It wasn't just war abroad. In Vietnam's mud we had come unglued. Our convictions and commonality, all in question - questions screamed in shrill square mouthed battle cries. Violence was vogue.
Just causes were, just ... causes unfettered of measure. We had principles. We would fight. But who were we, violent for violence sake, violent for peace? Aggravated adults and seething pseudoadults united only
by form, linked in national tantrum, mindlessly lashing out in an age of id, masturbating with rage, and raging against self gratification until blind.
War. Nam. From out of nowhere, a place that
had never gone anywhere. Flames of unreason were burning everything and they weren't fueled by ideology, but rather, an absence of it. Fear lacked cause.

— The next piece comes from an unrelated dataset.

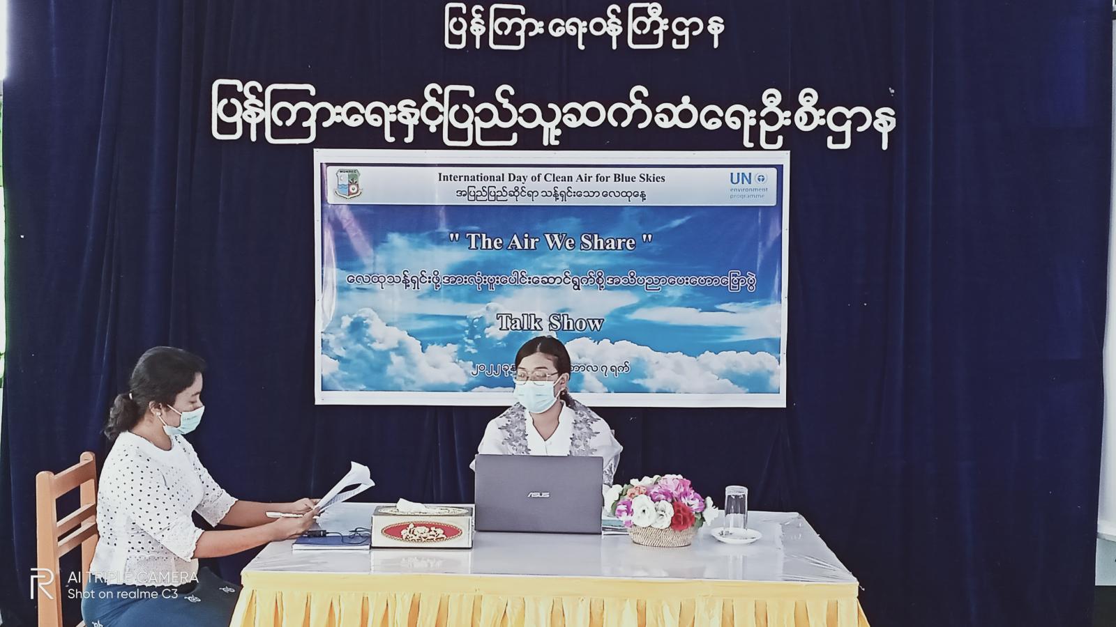 အသိပညာပေး Talk Show တွင် အပြည်ပြည်ဆိုင်ရာလေထုနေ့ ဖြစ်ပေါ်လာပုံနှင့် ပတ်သက်၍ တိုင်းဒေသကြီး ပတ်ဝန်းကျင်ထိန်းသိမ်းရေးဦးစီးဌာန၊ ဒုတိယဦးစီးမှူး ဒေါ်ဝင့်မွန်မွန်အိက ၂၀၁၉ ခုနှစ် တွင် ကျင်းပပြုလုပ်ခဲ့ သည့် (၇၄)ကြိမ်မြောက် ကုလသမဂ္ဂအထွေထွေညီလာခံ၏ ဆုံးဖြတ်ချက်၊ (၇၄/၂၀၁၉)အရ လေထုညစ်ညမ်းမှုကို ဖြစ်ပေါ်စေသည့်အကြောင်းရင်းများ၊ အကျိုးသက်ရောက်မှုများနှင့် လေထုအရည်အသွေးကို တိုးတက်လာ စေရေးအတွက် ဖြေရှင်းရမည့် နည်းလမ်းများကို ပိုမိုသိရှိ လာစေရန် အပြည်ပြည်ဆိုင်ရာ သန့်ရှင်းသော လေထုနေ့ (International Day of Clean Air For Blue Skies)ကို နှစ်စဉ်စက်တင်ဘာ (၇)ရက်နေ့တွင် ကျင်းပရန် ဆုံးဖြတ်ခဲ့ကြကြောင်း ပြောကြားခဲ့သည်။

Identity flipped on slick phraseology. He asked us -
to ask not. All face but no brains, this handsome jut jaw crooked finger wagging womanizing cult figure of the young, asked us - to ask not. Ask not what the country could do for us. Ask not! Government for the
people had become passe'. We the people were to be people for the government - and asked to ask not.
Unquestioning. Suspend reason. For what reason? But youth was fickle and caterwauled, Hell no, we
won't go! Inconsistencies. Everywhere, permeating inconsistencies!
Heated politics of race sizzled the streets, spinning vortices of reaction, rising from hot tar. Reason, and unreason, were the
same. Jail the Chicago seven or free them. Both, factious voices in amorphous howl. Movement was by insistence. Policy by coercion.
Good was not found in philosophy, dialectic, or a profession of
self evident truths. Good was merely a place, a tight squeeze, between equally emasculating extremes. It was a transparently thin and transient haven squashed between opposite forces. Good was only to be found
in a nil, a net zero. Or, perhaps, in the eye of a storm whose direction was fickle.
Good was respite and respite was only to be found in negation. It was the balance of insanities, neutralization. It was
being able to live in liberty, pursuing happiness which required havens, havens away from the unlistening and unequal out of control forces, havens outside the fire.
But counterpoise had been swept into
chaos, onto the highways of self serving rhetoric on which marched self assigned truth sayers and on which rolled the self appointed enforcers. Apocalyptic Nazi helmeted horsemen, with chains on their belts, and
metal studs on gloved knuckles, came on motorcycles in hundreds to hammer hippies into dust. It was sport, not cause.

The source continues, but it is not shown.